I am at a loss for my muscle weakness. I really have no other symptoms except the gait. Any help would be appreciated.

2

My husband had several relatives with ataxia - grandmother, uncle and 3 of his 4 kids, mother and definitely 2 other siblings. For years we dealt with no doctor being able to tell what it was that these people had. The grandmother was diagnosed with multiple sclerorsis (which we now doubt that she had at all), one of the cousins was told he had a deficiency of copper. When my husband developed symptoms WE had to suggest to the neurologist what it was because he didn't have a clue!!! At that time there was no genetic testing available - this was going all the way back to the 60's. for the grandmother and uncle and the 70's for my mother-in-law and the 90's for my husband.

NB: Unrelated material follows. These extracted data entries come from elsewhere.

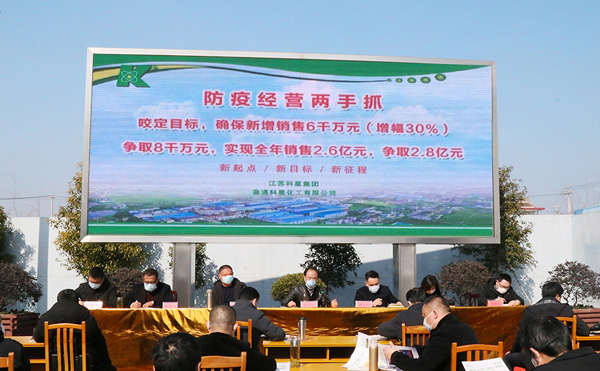 “咬定目標,確保新增銷售6千萬元(增幅30%),爭取8千萬元,實現全年銷售2.6億元,爭取2.8億元。一年的企業靠運氣、十年的企業靠產品、百年的企業靠文化。科星每位員工要肩上都有擔子,心里有動力,前進有方向。才能打硬仗、打苦仗、打勝仗。希望科星人拿出壯士斷腕的勇氣實現全年目標任務”這是南通科星化工總經理在2020年2月20日下午公司召開的動員大會的講話。
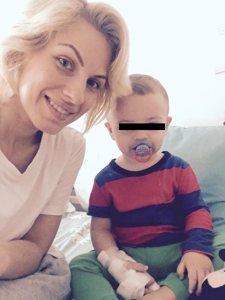Mesajul este însoţit şi de o poză cu băieţelul de 1 an şi jumătate, care are o mânuţă bandajată.
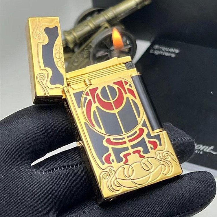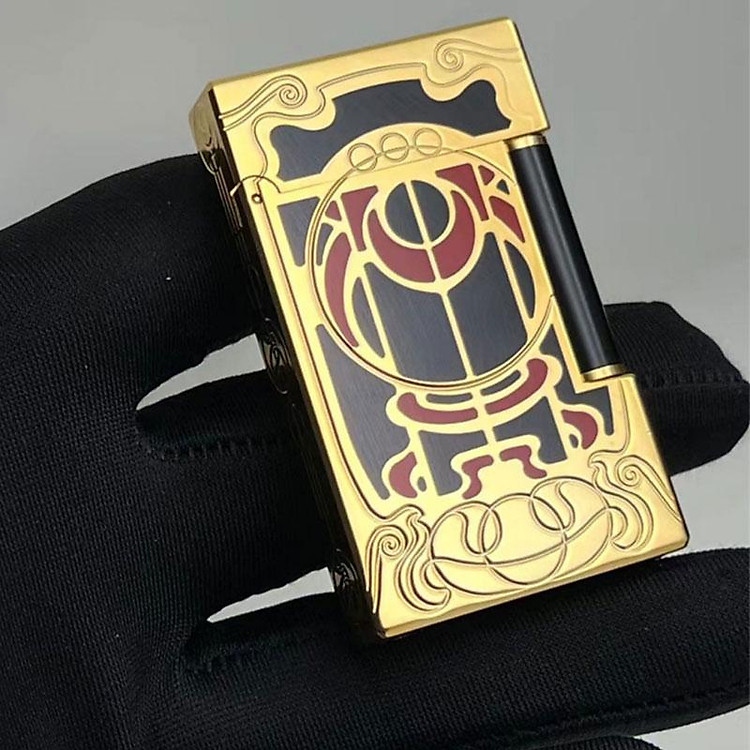 ✨Vỏ Hột Quẹt Bật Lửa Gas Đá S.T Upon D253V Finorio Manor Thiết Kế Họa Tiết Sơn Mài Đen Viền Vàng
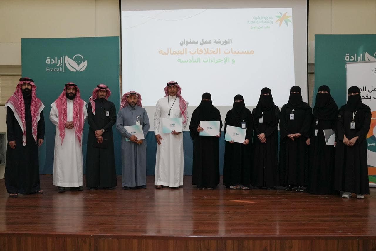 وتضمنت الورشة عدة محاور ومنها مسببات الخلافات العمالية وواجبات العمال وقواعد التأديب في بيئة العمل والاجراءات التأديبية التي يجوز لصاحب العمل توقيعها على العامل من انذار أو وغرامة وعقود العمل والاجازات.
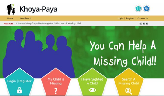 Khoya-paya(網(wǎng)站)是印度婦女和兒童發(fā)展部開設(shè)的一家網(wǎng)站,是政府主動著手幫助尋找失蹤兒童的一項(xiàng)重要舉措。

It is my understanding (which may not be completely accurate) that there are 7 types of ataxia but there is a definitive genetic testing for only two of these (as of 1999). My husband has spinal cerebellar ataxia type II for which there is a genetic test. If I were in your shoes and, given the family history, I would look into genetic testing and not just rely on the MRI. They found nothing significant originally in my husband's MRI but the genetic testing showed that the gene was present and that put an end to 40 some odd years of wondering what the heck everyone in the family had.

No other family member had the genetic testing. Those that had no symptoms didn't want to even know if they were at risk of developing it while those that had symptoms were ready to accept the fact that if one of them with symptoms tested positive then they were more than likely positive as well. You can be tested privately if you don't want a record of the results.

I don't know if this of any help to you at all. But if I were you, given the family history of ataxia, I would want a little more assurance than just a "normal" MRI.

3

I agree with KatCap21. Genetic testing would be your next step, due to your family history. Also, if you haven't seen a neurologist that specializes in ataxia, consider that if possible. My best to you Confused! ;o)

4

To find the closest ataxia specialist in your area, contact the National Ataxia Foundation at ■■■■■■■■■■■■■■
They are very nice and will answer you within 24 hours.

5

Thanks for the tips and suggestions guys. But what does genetic testing entail? A blood test? Do I need a referall?

6

First, if you have health insurance, you'll want to check and see if genetic testing is covered. It's expensive, as mine cost $3000, and I was only tested for the known recessive types of ataxia, per my neurologist. Next, I spoke with a representative from Athena Diagnostics regarding coverage, as they would be doing my genetic testing (per my neurologist), My neurologist told me to go to my primary care physician with email (from neurologist) listing what types of ataxia I should be tested for. I took email to my physician, had a blood draw, which then sent to Athena Diagnostics for genetic testing. It took about 6 weeks for the results to come back. My genetic testing was negative, therefore my Sporadic (idiopathic) Cerebellar Ataxia is truly of "unknown cause"! My best to you...,;o)

7

Thanks Rose, but can I just go to my family doctor and request genetic testing, or do I have togo through all the red tape of going to a nuero first, etc.?

8

I think you can go to your family doctor to request genetic testing, as long as he knows the proper tests to request. Also, make sure you check with insurance as to coverage, and I also verified coverage with company that ultimately did testing (due to expense, I didn't want any surprises later on). Best of luck..., ;o)

9

Thanks Rose, I will phone my insurance company tomorrow and see if they will cover it.